During World War II he helped develop radar bombing systems that could operate effectively in the high humidity of the South Pacific. After the war, Townes began his academic career at Columbia University. He was later appointed provost and professor of physics at Massachusetts Institute of Technology. In 1967, he became professor at the University of California, where he continues to supervise research projects in astrophysics. Throughout his distinguished professional career, Charles Townes has retained deeply felt religious beliefs that have set him apart from many of the world's leading scientists. In the 1950s, he embarked on a lifelong quest to integrate the insights of faith and reason, religious belief and scientific inquiry. This quest, amplified by his personal experiences and scholarly reflections, convinced him that the realms of religion and science must eventually converge  and their convergence will lead to deeper insights into God's purposes. In his view, religion is not a realm outside of reality but an effort better to understand reality and all that surrounds it.

Townes believes that both scientists and theologians seek truth that transcends current human understanding, and both perspectives are fraught with uncertainty. He shares with the British writer, G.K. Chesterton, an awareness that "we do not know enough about the unknown to know that it is unknowable." Scientists, Townes explains, do not always build their inquiries upon facts. They often must propose hypotheses from postulates, thereby basing their investigations on a form of faith. His emphasis on the affinities between science and religion has made the dialogue between people of faith and people of science less confrontational and more constructive.

Today Charles Townes serves as a model of rationality informed by faith.
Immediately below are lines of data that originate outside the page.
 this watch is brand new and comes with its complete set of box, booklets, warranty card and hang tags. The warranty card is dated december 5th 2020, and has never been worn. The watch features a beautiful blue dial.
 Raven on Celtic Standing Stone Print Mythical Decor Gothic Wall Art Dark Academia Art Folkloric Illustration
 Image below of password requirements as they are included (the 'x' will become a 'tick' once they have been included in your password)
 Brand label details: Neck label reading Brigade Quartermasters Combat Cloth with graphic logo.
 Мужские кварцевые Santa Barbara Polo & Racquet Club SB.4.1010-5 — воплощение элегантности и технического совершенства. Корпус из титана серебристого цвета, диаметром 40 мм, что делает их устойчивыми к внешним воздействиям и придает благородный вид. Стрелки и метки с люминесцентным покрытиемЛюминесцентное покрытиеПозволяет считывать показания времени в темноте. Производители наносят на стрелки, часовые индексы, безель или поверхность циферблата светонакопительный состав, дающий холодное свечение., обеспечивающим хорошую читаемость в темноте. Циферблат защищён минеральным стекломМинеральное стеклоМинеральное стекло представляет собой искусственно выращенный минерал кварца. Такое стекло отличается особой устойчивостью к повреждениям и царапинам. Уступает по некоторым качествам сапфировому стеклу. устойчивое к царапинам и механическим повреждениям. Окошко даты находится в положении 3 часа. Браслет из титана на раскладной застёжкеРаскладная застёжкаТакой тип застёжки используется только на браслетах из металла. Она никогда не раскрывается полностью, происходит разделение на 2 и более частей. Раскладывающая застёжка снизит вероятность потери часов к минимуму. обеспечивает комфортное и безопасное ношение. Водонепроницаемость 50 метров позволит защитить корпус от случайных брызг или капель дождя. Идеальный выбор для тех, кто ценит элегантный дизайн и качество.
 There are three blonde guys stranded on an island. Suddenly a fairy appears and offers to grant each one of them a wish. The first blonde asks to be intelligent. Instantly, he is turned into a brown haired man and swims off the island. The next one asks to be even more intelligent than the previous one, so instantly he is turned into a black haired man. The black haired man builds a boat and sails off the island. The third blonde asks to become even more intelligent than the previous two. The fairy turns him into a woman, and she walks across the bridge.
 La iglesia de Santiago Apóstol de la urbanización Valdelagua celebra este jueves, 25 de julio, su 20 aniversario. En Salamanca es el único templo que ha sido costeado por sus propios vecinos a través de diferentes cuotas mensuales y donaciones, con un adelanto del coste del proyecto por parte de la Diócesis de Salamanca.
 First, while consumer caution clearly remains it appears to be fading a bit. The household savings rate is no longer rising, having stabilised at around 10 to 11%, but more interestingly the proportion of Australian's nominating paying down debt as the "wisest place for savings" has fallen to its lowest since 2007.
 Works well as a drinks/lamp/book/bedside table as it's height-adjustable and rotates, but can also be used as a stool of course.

In a convocation address last spring at Furman, Dr. Townes, now a Furman trustee, stressed that his unplanned flash of insight on the Washington, D.C., park bench illustrates how topics associated with religion or science  revelation, intuition, observation, faith and aesthetics  can apply to both areas of thought.

One of the hallmarks of genius is the ability to ask the right questions. Charlie Townes struggles with big issues and perplexing mysteries. He truly is an extraordinary man whose brilliance, insight and ingenuity have helped enrich and inform modern life.

On the verge of his 90th birthday, he still displays an awe-inspiring energy. His career has demonstrated that the most sophisticated scientific research can be exercised with Christian humility and benevolence. He has made profound contributions to the progress of exploring, discovering, and embracing the power of God's creation.

All the while, he has remained an uncommon man with a common touch. And he is ours, a Greenville treasure; indeed, he is our crown jewel.